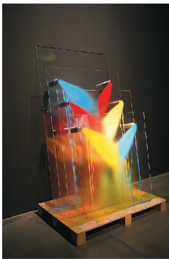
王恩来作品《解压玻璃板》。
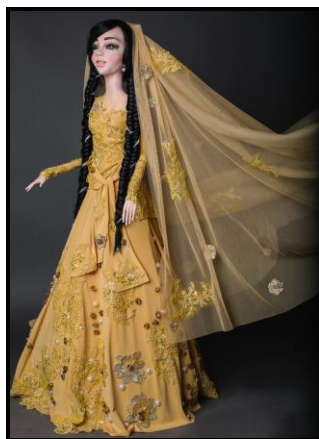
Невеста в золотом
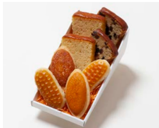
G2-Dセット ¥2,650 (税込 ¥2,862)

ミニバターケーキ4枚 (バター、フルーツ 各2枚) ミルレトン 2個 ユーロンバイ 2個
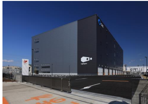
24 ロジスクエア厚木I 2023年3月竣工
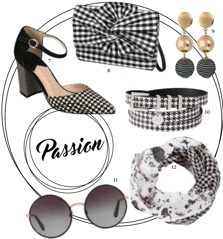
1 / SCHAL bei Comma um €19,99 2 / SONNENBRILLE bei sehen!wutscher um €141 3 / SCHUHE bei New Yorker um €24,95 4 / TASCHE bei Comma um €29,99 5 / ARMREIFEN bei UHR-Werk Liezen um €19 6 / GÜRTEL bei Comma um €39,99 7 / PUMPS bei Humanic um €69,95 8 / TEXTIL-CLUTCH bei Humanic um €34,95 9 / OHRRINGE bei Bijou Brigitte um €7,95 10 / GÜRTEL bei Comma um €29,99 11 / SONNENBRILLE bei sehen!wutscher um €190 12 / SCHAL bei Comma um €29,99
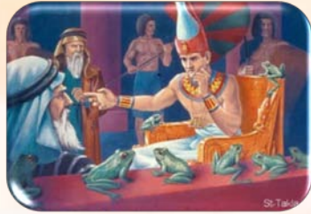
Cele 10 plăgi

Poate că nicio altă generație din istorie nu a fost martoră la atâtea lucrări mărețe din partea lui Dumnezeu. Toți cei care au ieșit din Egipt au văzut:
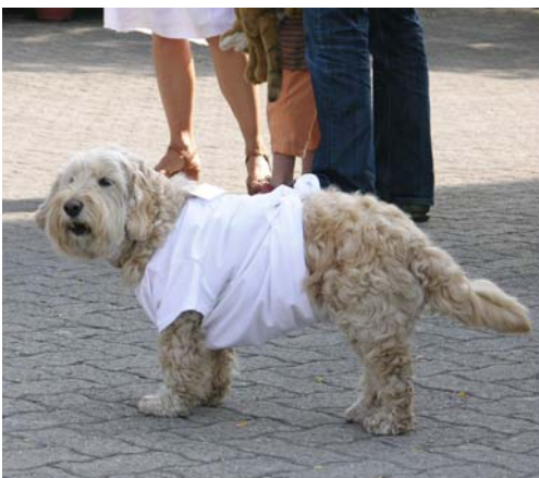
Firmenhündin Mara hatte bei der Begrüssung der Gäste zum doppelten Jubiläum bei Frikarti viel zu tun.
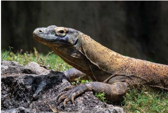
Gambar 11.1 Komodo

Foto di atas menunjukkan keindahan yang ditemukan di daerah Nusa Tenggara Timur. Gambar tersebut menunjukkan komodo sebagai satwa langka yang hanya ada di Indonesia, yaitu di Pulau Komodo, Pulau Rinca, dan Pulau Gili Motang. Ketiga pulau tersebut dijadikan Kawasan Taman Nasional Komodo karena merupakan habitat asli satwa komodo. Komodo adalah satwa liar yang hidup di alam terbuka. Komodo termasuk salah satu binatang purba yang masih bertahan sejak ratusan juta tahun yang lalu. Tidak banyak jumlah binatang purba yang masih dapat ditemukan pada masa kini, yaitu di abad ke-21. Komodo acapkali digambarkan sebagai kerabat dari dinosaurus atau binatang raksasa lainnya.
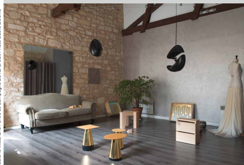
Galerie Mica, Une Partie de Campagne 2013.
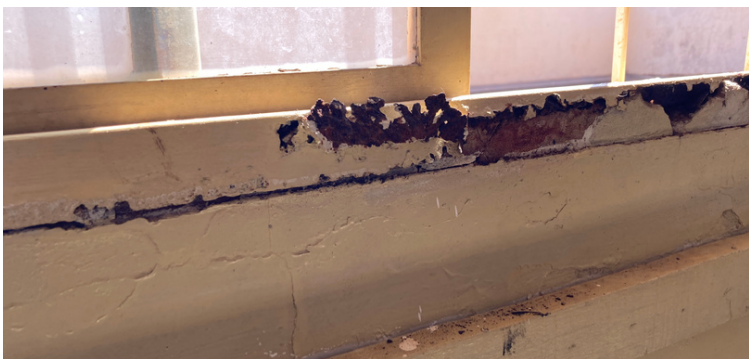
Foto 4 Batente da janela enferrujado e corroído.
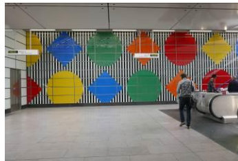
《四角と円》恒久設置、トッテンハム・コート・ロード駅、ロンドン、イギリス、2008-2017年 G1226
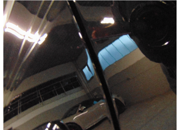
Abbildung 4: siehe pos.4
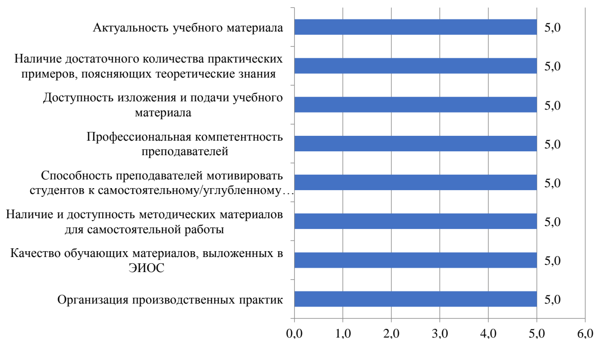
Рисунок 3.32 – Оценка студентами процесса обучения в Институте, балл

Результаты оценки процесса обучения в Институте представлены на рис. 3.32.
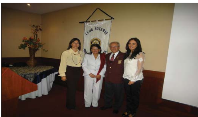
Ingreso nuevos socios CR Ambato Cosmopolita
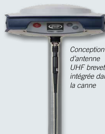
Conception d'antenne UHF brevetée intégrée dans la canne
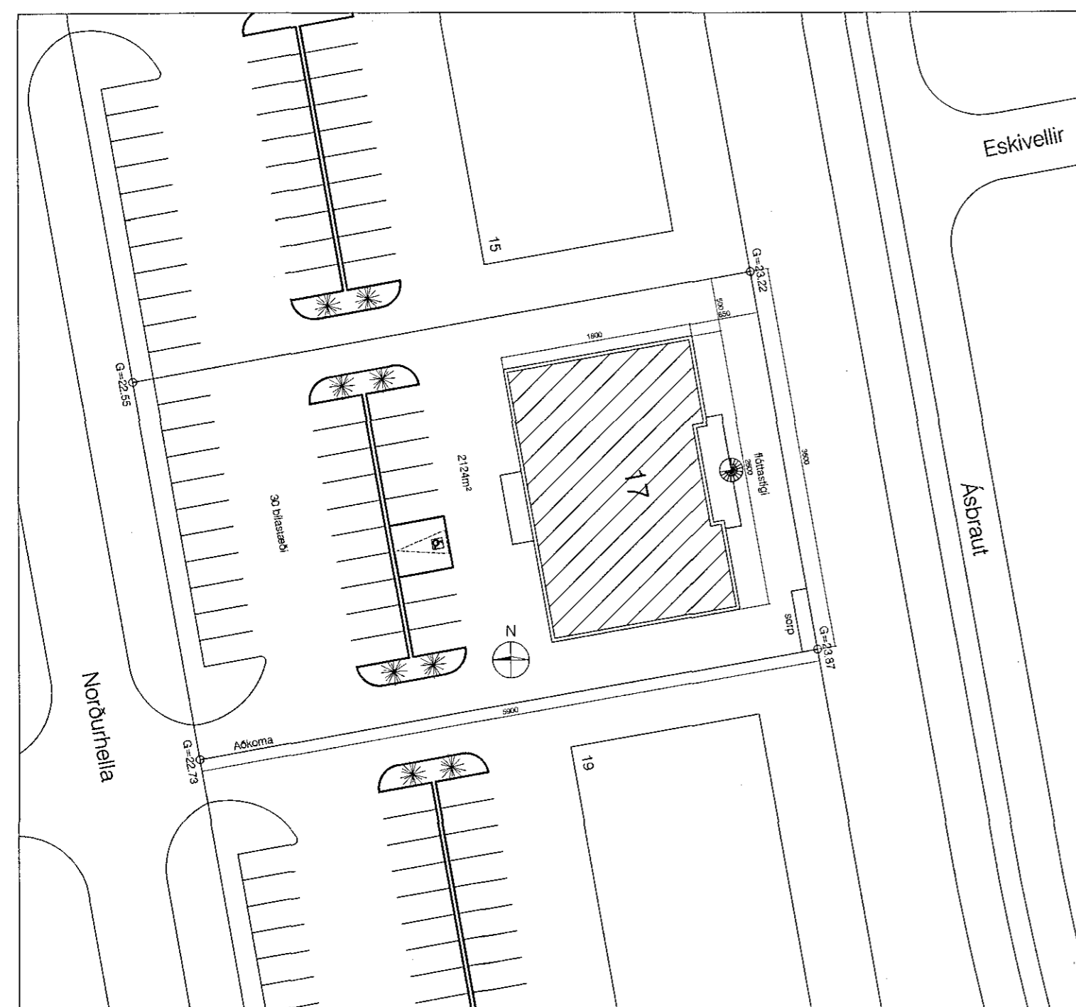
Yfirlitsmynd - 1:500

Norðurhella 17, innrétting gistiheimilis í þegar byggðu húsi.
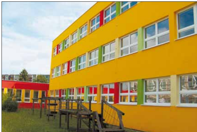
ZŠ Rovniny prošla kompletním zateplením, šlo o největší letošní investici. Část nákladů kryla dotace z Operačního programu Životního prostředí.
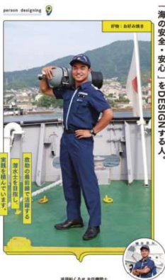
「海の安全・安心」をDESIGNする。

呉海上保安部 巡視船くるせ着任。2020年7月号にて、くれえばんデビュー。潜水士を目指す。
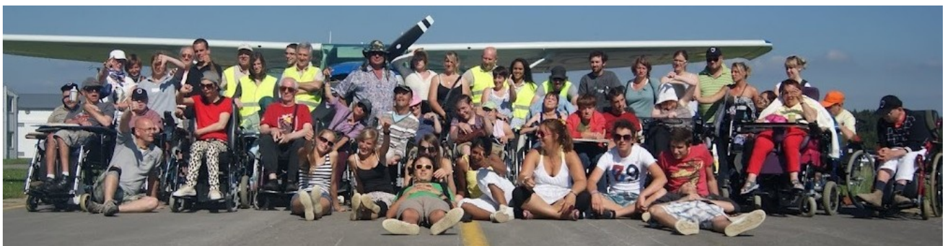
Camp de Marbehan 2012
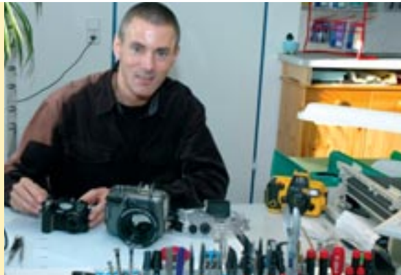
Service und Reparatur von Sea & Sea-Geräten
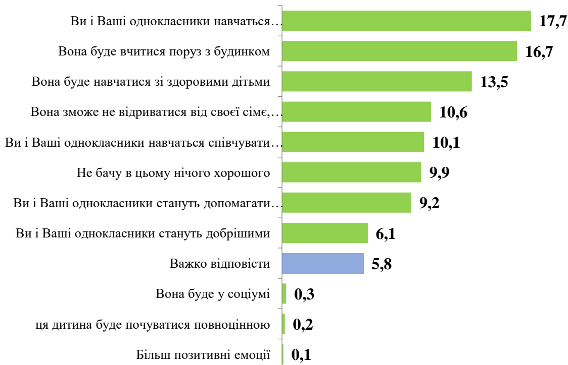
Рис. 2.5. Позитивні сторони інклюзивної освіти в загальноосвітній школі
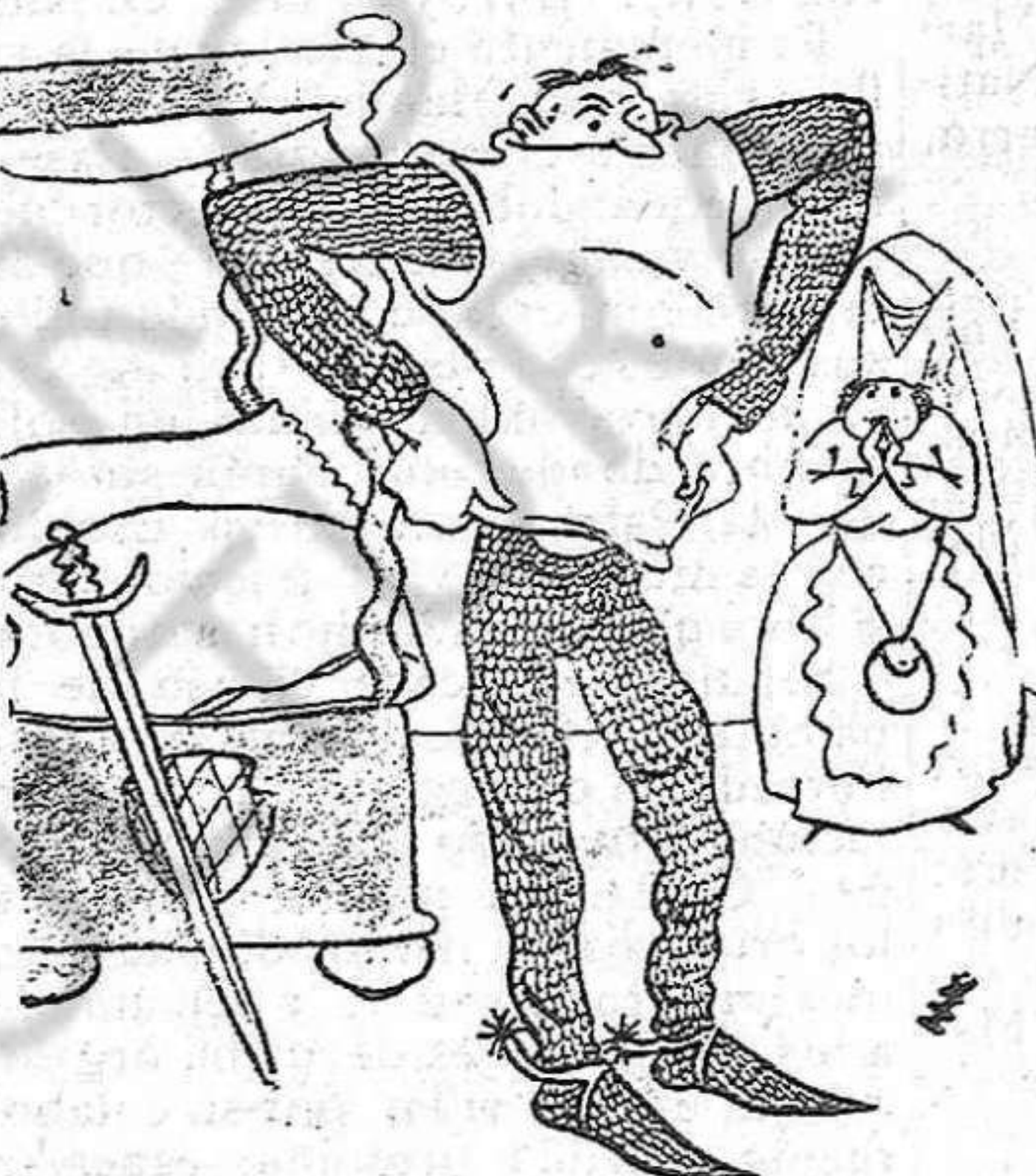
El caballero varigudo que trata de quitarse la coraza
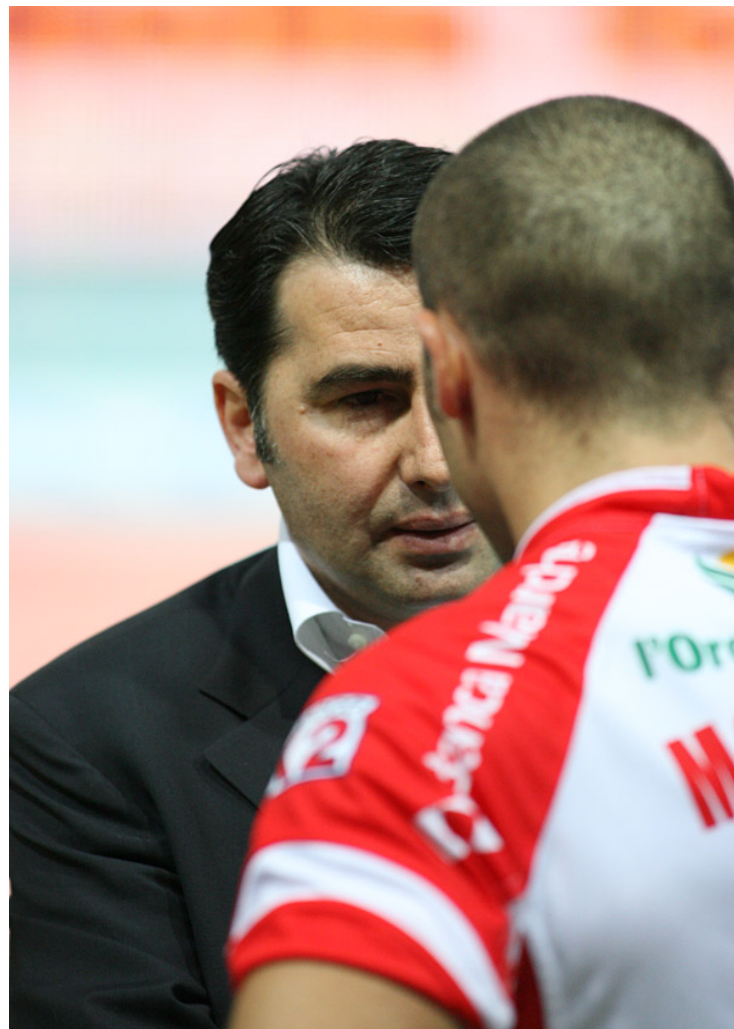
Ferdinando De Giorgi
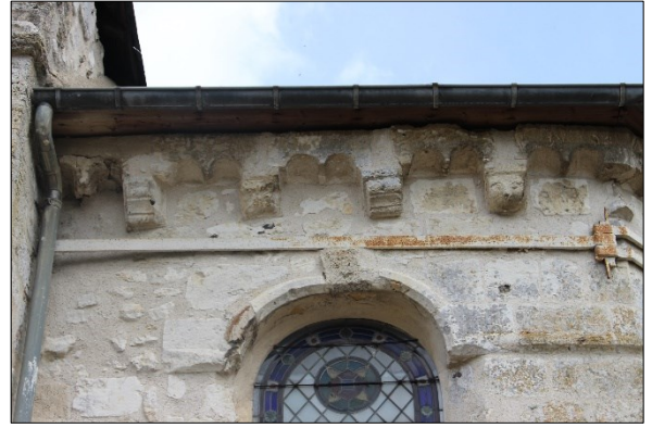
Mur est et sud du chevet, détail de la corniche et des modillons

***

• _What you need to do_
Give back exactly, and solely, the section of the data above bounded by the line containing "Cele 10 plăgi" and the line containing "Gambar 11.1 Komodo", both bounding lines included and pictures omitted.

• _Task output_
Cele 10 plăgi

Poate că nicio altă generație din istorie nu a fost martoră la atâtea lucrări mărețe din partea lui Dumnezeu. Toți cei care au ieșit din Egipt au văzut:
Firmenhündin Mara hatte bei der Begrüssung der Gäste zum doppelten Jubiläum bei Frikarti viel zu tun.
Gambar 11.1 Komodo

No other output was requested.